Three certainties: death, taxes, and rising postage
Three things in life are certain: death, taxes, and the United States Postal Service (USPS) raising first-class postage. On April 9, the USPS filed notice with the Postal Regulatory Commission of price hikes that will take effect July 12. According to America’s mail carrier, “the new rates include a 4-cent increase in the price of a First-Class Mail Forever stamp from 78 cents to 82 cents.” Metered mail rates and postcard prices are also increasing; in all, mailing service prices will rise by approximately 4.8 percent.
While the USPS claims that these hikes are necessary because of the “severe financial crisis facing the Postal Service and continued rising operational costs,” the truth is that the agency has plenty of tools at its disposal to correct course without making the mail more expensive. Taxpayers and consumers deserve a USPS that can deliver at an affordable price.
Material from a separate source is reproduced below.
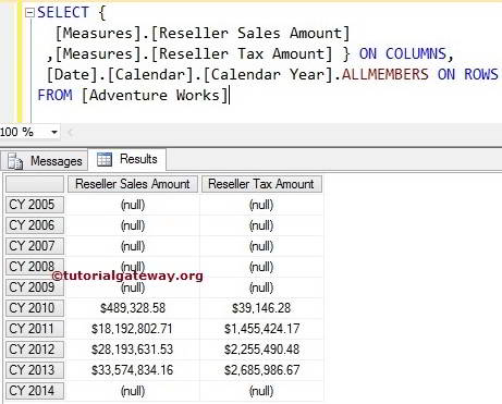 [Measures].[Internet Sales Amount] ON COLUMNS,

If the USPS is going to get serious about reducing annual net losses—which totaled $9 billion in fiscal year (FY) 2025 and $9.5 billion in FY 2024—it needs to start by reducing labor costs. Compensation and benefits alone cost the agency more than $55 billion per year, or about 60 percent of total operating expenses. This figure is up sharply from $44 billion ten years ago, largely because the USPS added (on net) 40,000 career employees since 2015 and compensates them at higher rates.
It doesn’t have to be this way. The USPS could save significant sums of money by focusing on non-career (or what it calls “pre-career”) hires. A 2021 analysis by the Government Accountability Office estimates that the compensation gap between career and pre-career employees is around $25 per hour, though this total shrinks to $8 per hour when comparing similar types of workers with similar experience. Even after controlling for these factors, the USPS saves nearly $2 billion per year by retaining 115,000 non-career workers.
Doubling the proportion of pre-career workers would likely double these annual savings. This formula would follow the success of private-sector delivery companies, which have a tried-and-true approach of maintaining a stable base of career employees and bringing on tens of thousands of seasonal and part-time workers to respond to sudden upticks in demand. The USPS has actually been moving away from that strategy, hiring fewer seasonal workers than it used to. Reversing this trend would yield significant savings for taxpayers and consumers.
One thing that will not succeed in shoring up finances is repeatedly raising stamp prices. According to a 2024 analysis conducted by the economic consultancy NDP Analytics, “Under the current process, the USPS proposes new rate increases before the impact of prior increases can be fully realized. USPS demand models, which are used to justify rate increases, have never been tested in this way. USPS stands to lose considerably from miscalculating its customers’ sensitivity to price.”
They estimate that these flawed revenue projections cost the USPS $1.8 billion annually, or one-fifth of 2025 losses. The report also notes that the USPS has been making large-scale changes to its demand model — “in FY2024 there were 63 items in its change log” — without showing sensitivity analyses indicating how changes in forecast design can lead to different results.
Instead of repeatedly raising stamp prices, the USPS needs to focus on changing its hiring practices and enacting other commonsense reforms. It’s long past time for America’s mail carrier to take responsibility for its failures and turn things around.